> _Task brief_
The lines in the listing below are to be given again exactly, starting at the line holding "Paired with the" and ending at the line holding "Roma'nın Fenerbahçe'den kiraladığı". Do not include pictures.

> _Record set_
☆ ☆ ☆

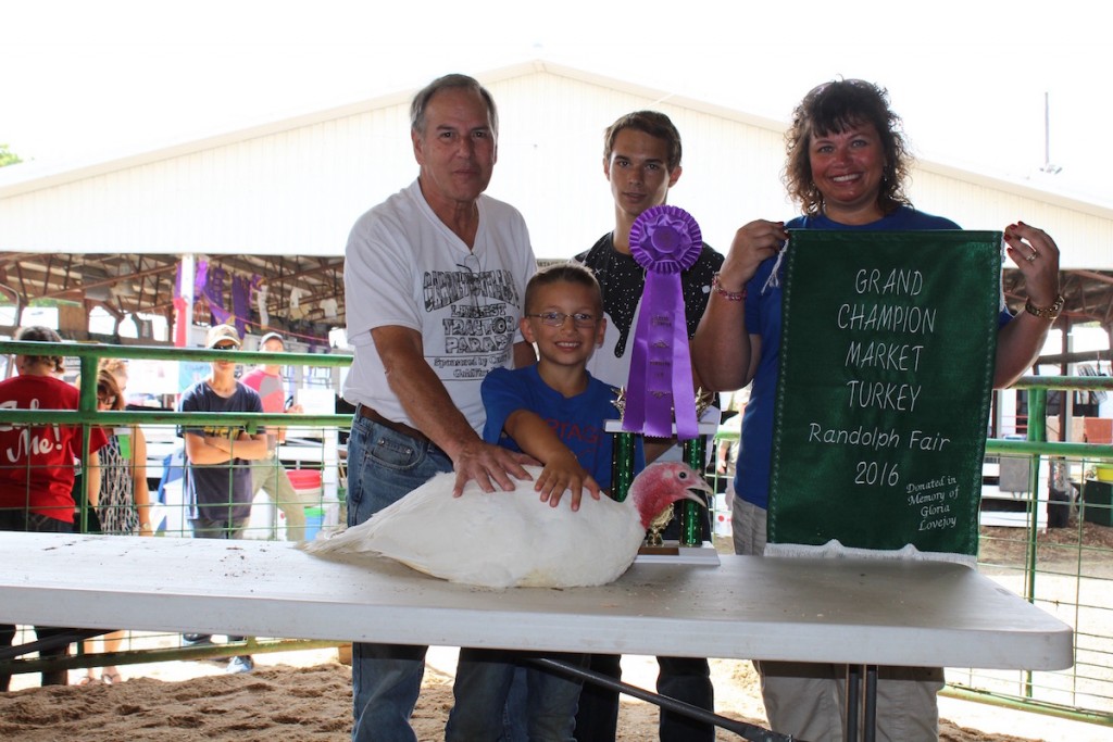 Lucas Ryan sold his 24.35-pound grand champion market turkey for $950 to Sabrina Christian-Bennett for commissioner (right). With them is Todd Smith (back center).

☆ ☆ ☆

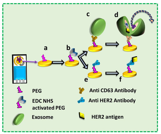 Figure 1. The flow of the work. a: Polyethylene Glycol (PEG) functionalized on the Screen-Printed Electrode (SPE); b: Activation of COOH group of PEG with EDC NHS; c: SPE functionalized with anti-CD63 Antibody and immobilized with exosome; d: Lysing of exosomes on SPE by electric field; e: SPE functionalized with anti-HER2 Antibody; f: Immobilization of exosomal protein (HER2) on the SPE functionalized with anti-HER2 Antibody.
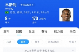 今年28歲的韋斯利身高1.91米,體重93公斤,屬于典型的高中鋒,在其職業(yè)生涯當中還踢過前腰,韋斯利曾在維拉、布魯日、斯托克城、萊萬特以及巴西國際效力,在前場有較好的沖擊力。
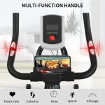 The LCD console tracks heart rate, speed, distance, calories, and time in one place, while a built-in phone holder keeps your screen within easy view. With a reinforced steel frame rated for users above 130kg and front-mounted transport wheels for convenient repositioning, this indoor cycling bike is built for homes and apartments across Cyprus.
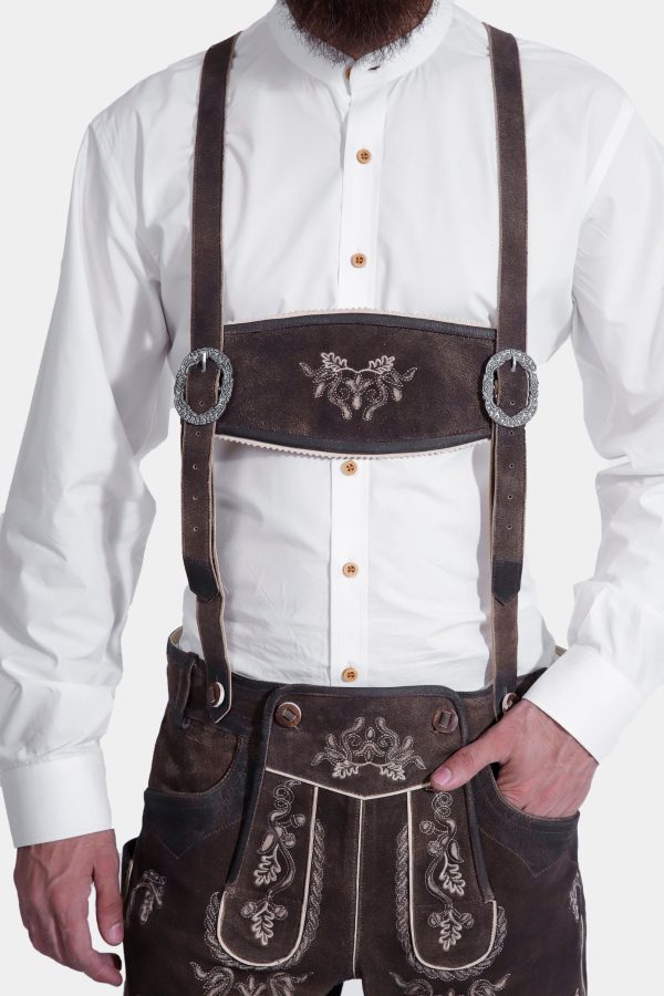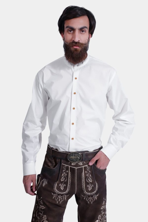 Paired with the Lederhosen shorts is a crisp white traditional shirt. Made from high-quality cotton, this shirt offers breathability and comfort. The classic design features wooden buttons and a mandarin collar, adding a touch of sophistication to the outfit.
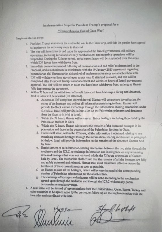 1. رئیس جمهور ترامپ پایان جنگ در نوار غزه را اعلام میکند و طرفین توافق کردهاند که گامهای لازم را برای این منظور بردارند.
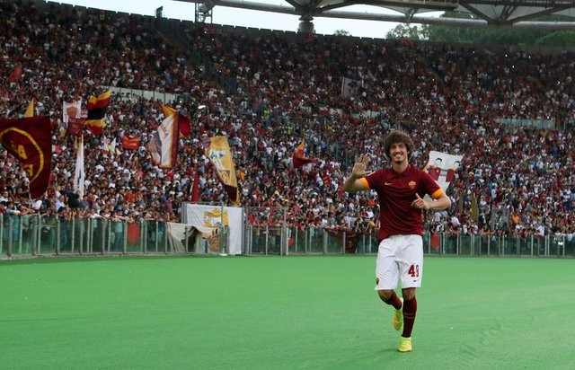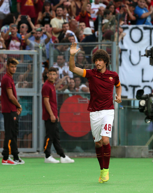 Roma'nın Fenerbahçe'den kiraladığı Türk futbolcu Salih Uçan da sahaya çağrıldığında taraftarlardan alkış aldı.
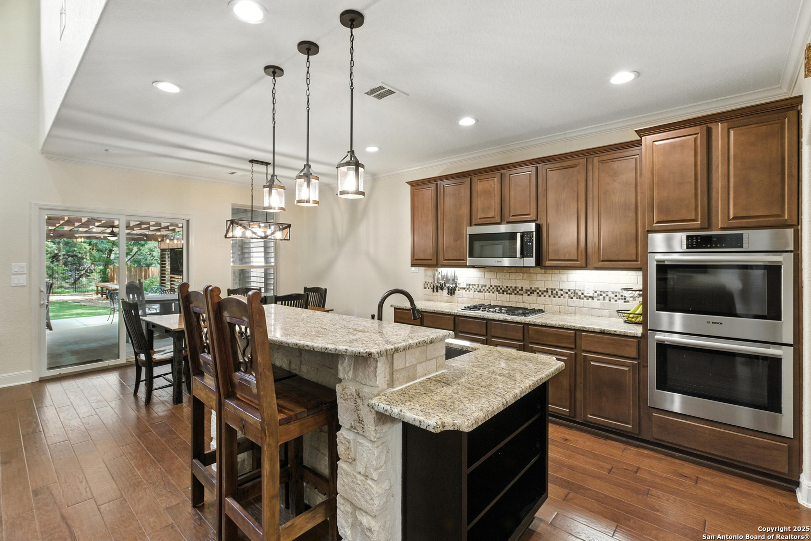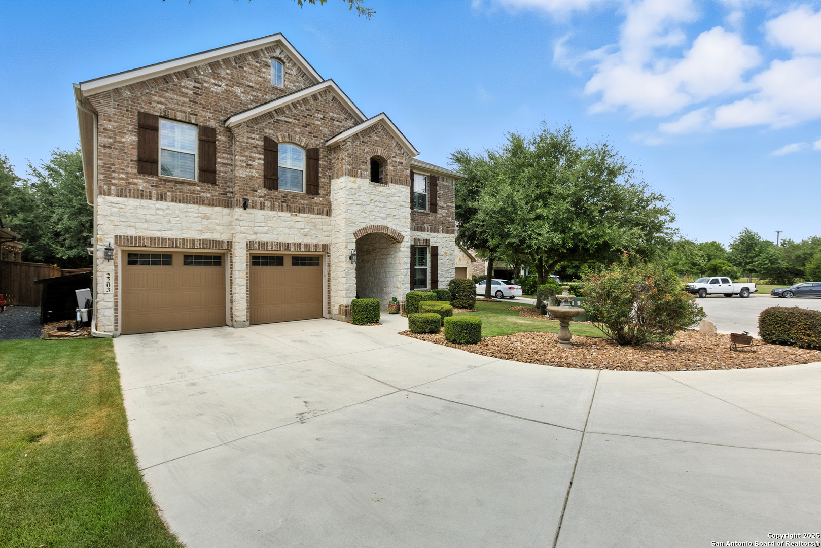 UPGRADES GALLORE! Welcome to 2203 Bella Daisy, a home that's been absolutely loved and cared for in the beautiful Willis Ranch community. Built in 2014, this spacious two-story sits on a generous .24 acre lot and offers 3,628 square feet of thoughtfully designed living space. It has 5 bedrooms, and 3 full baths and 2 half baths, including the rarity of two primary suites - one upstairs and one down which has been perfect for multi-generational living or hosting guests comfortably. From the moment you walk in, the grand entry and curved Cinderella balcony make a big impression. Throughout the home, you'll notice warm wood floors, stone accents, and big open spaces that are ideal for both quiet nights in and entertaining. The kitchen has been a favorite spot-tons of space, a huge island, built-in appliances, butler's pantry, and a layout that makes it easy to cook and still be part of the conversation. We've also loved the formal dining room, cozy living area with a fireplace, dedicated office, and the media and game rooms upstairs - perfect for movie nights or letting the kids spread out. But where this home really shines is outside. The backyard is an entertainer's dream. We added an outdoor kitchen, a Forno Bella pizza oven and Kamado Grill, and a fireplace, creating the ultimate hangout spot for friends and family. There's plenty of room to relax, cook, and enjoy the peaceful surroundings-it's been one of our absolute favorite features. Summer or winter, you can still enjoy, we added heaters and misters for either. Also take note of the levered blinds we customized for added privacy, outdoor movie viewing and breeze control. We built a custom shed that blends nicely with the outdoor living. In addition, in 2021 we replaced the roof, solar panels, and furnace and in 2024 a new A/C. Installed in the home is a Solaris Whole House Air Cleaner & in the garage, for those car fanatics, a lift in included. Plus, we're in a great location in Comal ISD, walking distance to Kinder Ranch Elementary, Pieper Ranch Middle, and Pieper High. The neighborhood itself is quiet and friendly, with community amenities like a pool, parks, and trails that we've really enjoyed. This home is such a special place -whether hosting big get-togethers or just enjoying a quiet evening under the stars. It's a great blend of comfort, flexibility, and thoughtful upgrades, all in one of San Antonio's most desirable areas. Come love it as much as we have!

☆ ☆ ☆

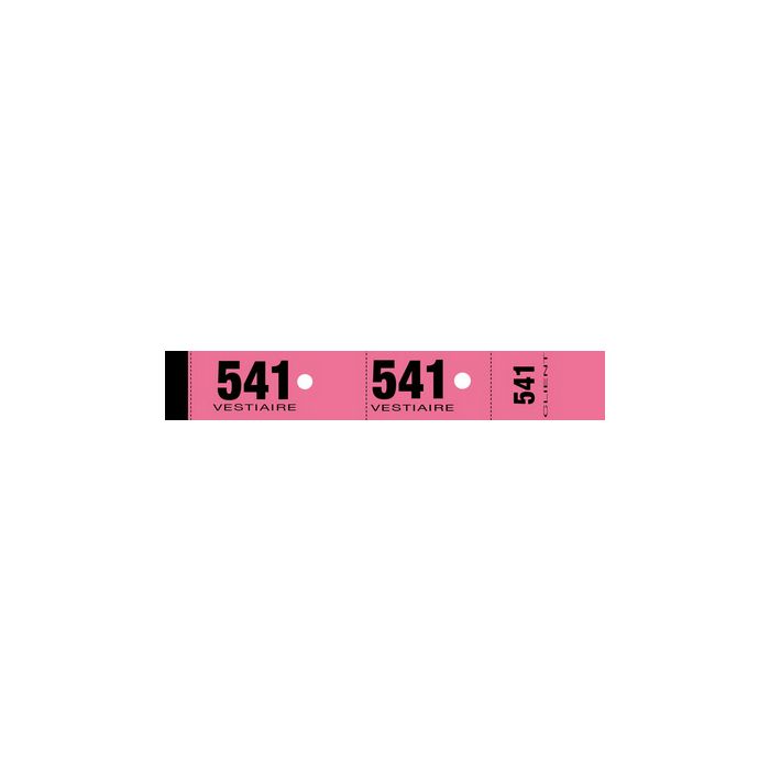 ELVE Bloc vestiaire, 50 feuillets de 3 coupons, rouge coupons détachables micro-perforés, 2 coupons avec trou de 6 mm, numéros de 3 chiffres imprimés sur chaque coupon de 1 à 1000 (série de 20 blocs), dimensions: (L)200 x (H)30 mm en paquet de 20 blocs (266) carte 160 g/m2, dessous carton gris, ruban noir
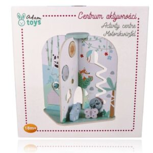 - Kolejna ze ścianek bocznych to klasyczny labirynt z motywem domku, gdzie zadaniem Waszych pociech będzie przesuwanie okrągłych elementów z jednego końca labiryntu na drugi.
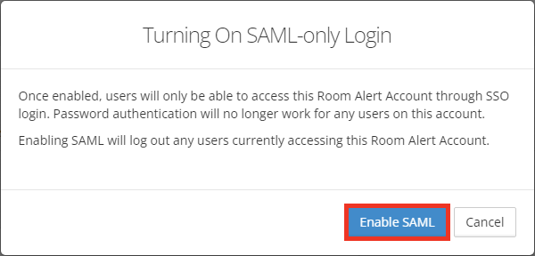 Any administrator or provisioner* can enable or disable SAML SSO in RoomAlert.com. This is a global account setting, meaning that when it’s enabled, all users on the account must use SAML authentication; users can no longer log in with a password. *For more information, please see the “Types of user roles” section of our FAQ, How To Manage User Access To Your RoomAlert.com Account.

☆ ☆ ☆

> _Task result_
 Paired with the Lederhosen shorts is a crisp white traditional shirt. Made from high-quality cotton, this shirt offers breathability and comfort. The classic design features wooden buttons and a mandarin collar, adding a touch of sophistication to the outfit.
 1. رئیس جمهور ترامپ پایان جنگ در نوار غزه را اعلام میکند و طرفین توافق کردهاند که گامهای لازم را برای این منظور بردارند.
 Roma'nın Fenerbahçe'den kiraladığı Türk futbolcu Salih Uçan da sahaya çağrıldığında taraftarlardan alkış aldı.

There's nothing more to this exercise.